### The problem
Copy exactly every line below, from the first through the one that contains "Find Honda Parts", and skip all pictures.

[Data items]

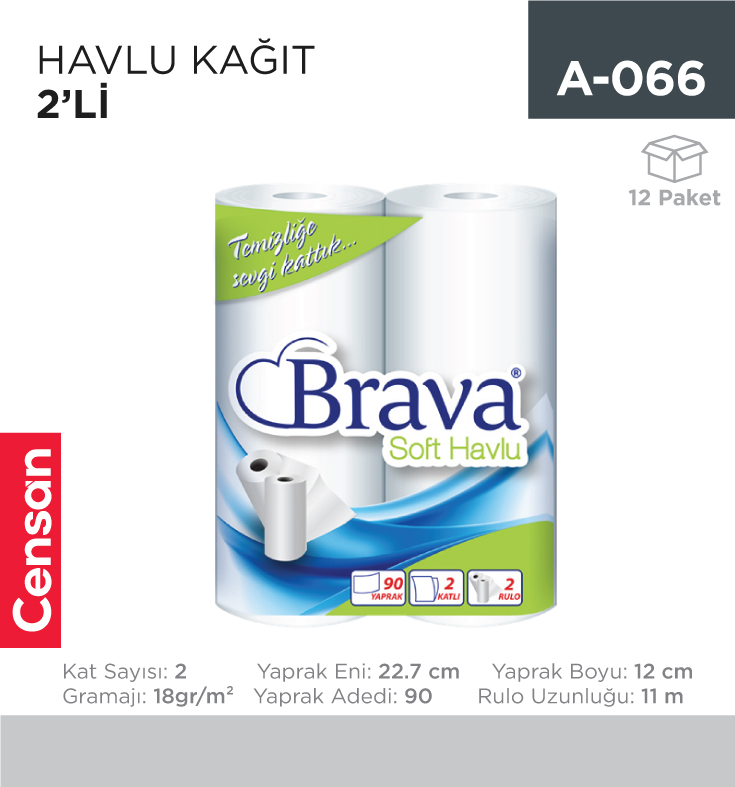 İzmir merkezli Censan Endüstriyel, farklı sektörlere yönelik ürün tedariği sağlayan bir tedarik firmasıdır. KAĞIT HAVLULAR, KAĞIT TEMİZLİK ÜRÜNLERİ başlığı altında listelenen HAVLU KAĞIT 2Lİ BRAVA (3134) (Stok Kodu: A-066), ticari ve bireysel kullanım ihtiyaçlarına uygun olarak satışa sunulmaktadır.
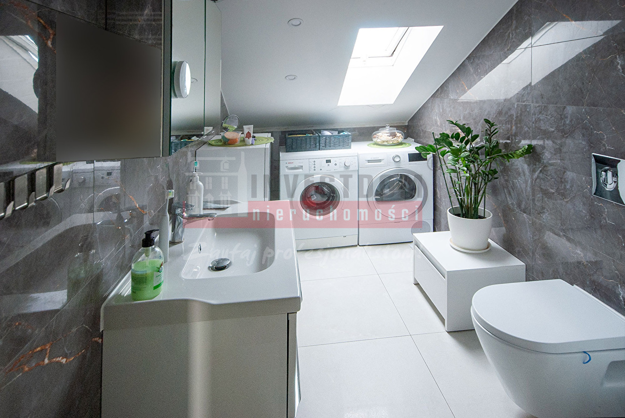 - łazienka z kabiną prysznicową , WC, pralka i suszarka
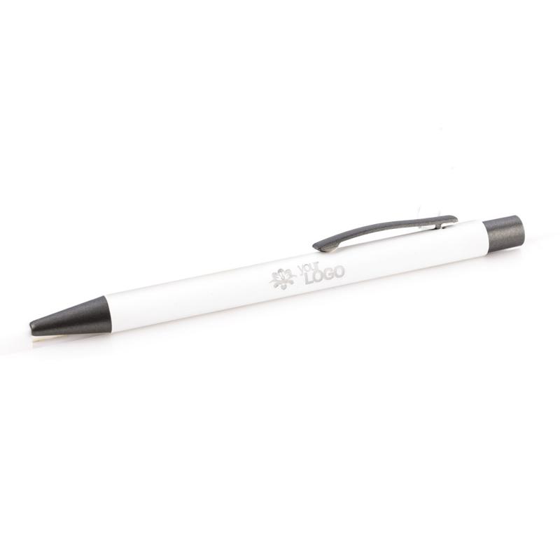 Długopis GOMA to prosty design połączony z przyjemna w dotyku gumowana powierzchnią. Całość jest utrzymana w lekkich, matowych barwach. Wykonany z aluminium. Wykończenia w kolorze grafitowym. Wkład w kolorze niebieskim.
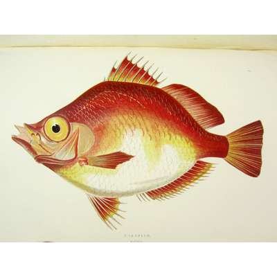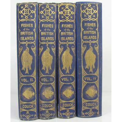 A History of Fishes of the British Islands. London: Groombridge, 1864-65. 4 volumes, 8vo, 252 coloured plates, original blue pictorial cloth gilt, tissue guards, volume 4 rebound with original spine and covers laid down, other volumes rubbed
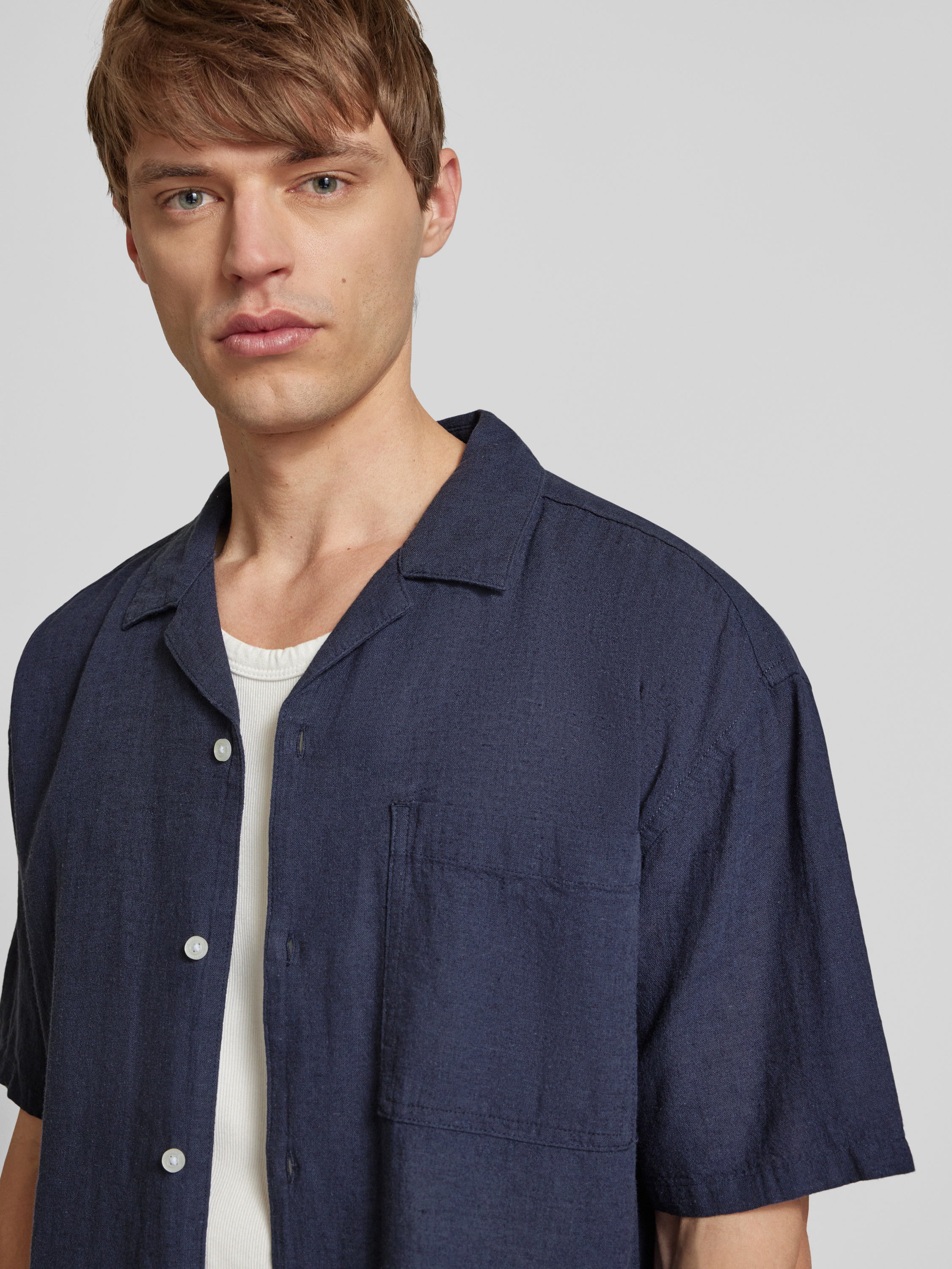 Only & SonsRelaxed fit vrijetijdsoverhemd met 1/2-mouwen, model 'CAIDEN' in marineblauw
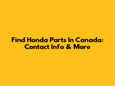 Find Honda Parts In Canada: Contact Info & More
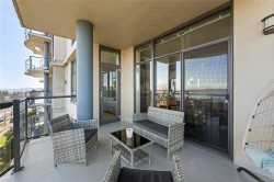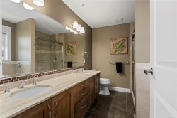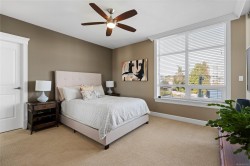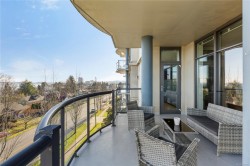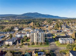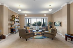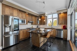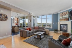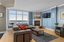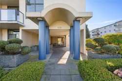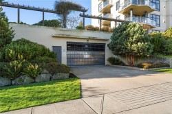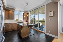 Breathtaking ocean views at Marine Vista, one of Nanaimo’s most prestigious and impeccably maintained concrete residences. From the elegant lobby to the peaceful, grassed courtyard, the building exudes luxury, privacy, and pride of ownership. This spacious 2-bedroom plus den, 2-bath home showcases stunning ocean, marina, and mountain views from two decks. High ceilings and expansive windows fill the home with natural light, highlighting its modern design and refined finishes. The chef-inspired kitchen features stainless steel appliances, abundant cabinetry, and generous counter space. A patio sliding door leads to a large covered deck, and there is a 2nd private deck off the primary bedroom. The primary suite includes a spa-like ensuite with double sinks, separate shower, and luxurious bathtub. A versatile den is ideal for a home office or studio. 2 underground parking stalls and small storage locker, gas heating and cooking are included in the strata fee. All data and info approximate
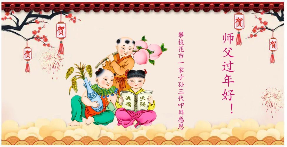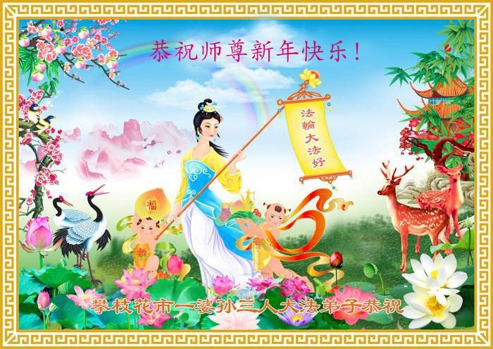 恭祝师尊乙巳年新年快乐! 四川省遂宁市夫妻大法弟子全家敬上 二零二五年一月十七日 四川省攀枝花市一大法弟子婆孙三人恭祝师尊过年好!
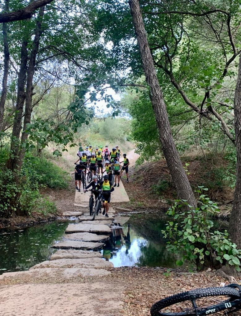 Luego se continuó por el Paseo de Coca, la comarca 440 hasta llegar a la Venta El Frenazo, tomar un café a cargo de la UCB y seguir la ruta hasta el Puente de Hierro, donde se han adentrado en el Corredor Verde Dos Bahías y se hizo otra parada para ver un yacimiento del Paleolítico de hace miles de años, situado en una de las antiguas terrazas del río Palmones.
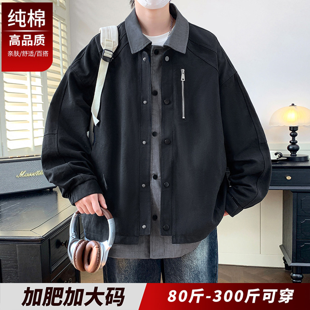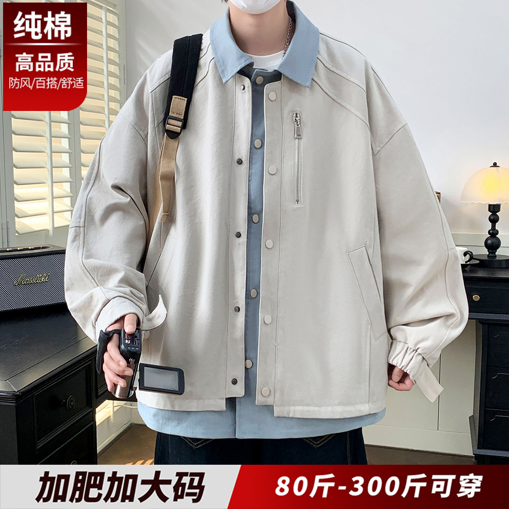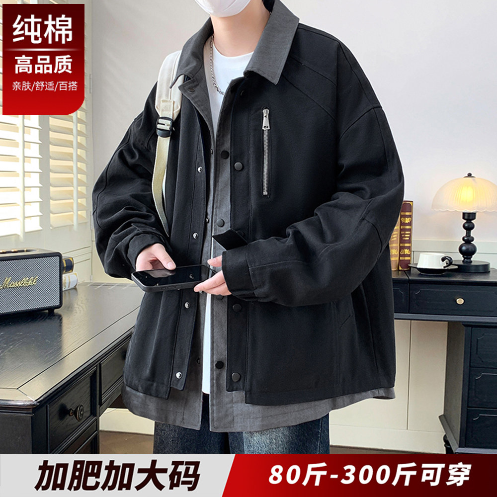 假两件男士春季外套男款高级感纯棉重磅夹克胖子宽松大码男装春装

### Answer box
 İzmir merkezli Censan Endüstriyel, farklı sektörlere yönelik ürün tedariği sağlayan bir tedarik firmasıdır. KAĞIT HAVLULAR, KAĞIT TEMİZLİK ÜRÜNLERİ başlığı altında listelenen HAVLU KAĞIT 2Lİ BRAVA (3134) (Stok Kodu: A-066), ticari ve bireysel kullanım ihtiyaçlarına uygun olarak satışa sunulmaktadır.
 - łazienka z kabiną prysznicową , WC, pralka i suszarka
 Długopis GOMA to prosty design połączony z przyjemna w dotyku gumowana powierzchnią. Całość jest utrzymana w lekkich, matowych barwach. Wykonany z aluminium. Wykończenia w kolorze grafitowym. Wkład w kolorze niebieskim.
 A History of Fishes of the British Islands. London: Groombridge, 1864-65. 4 volumes, 8vo, 252 coloured plates, original blue pictorial cloth gilt, tissue guards, volume 4 rebound with original spine and covers laid down, other volumes rubbed
 Only & SonsRelaxed fit vrijetijdsoverhemd met 1/2-mouwen, model 'CAIDEN' in marineblauw
 Find Honda Parts In Canada: Contact Info & More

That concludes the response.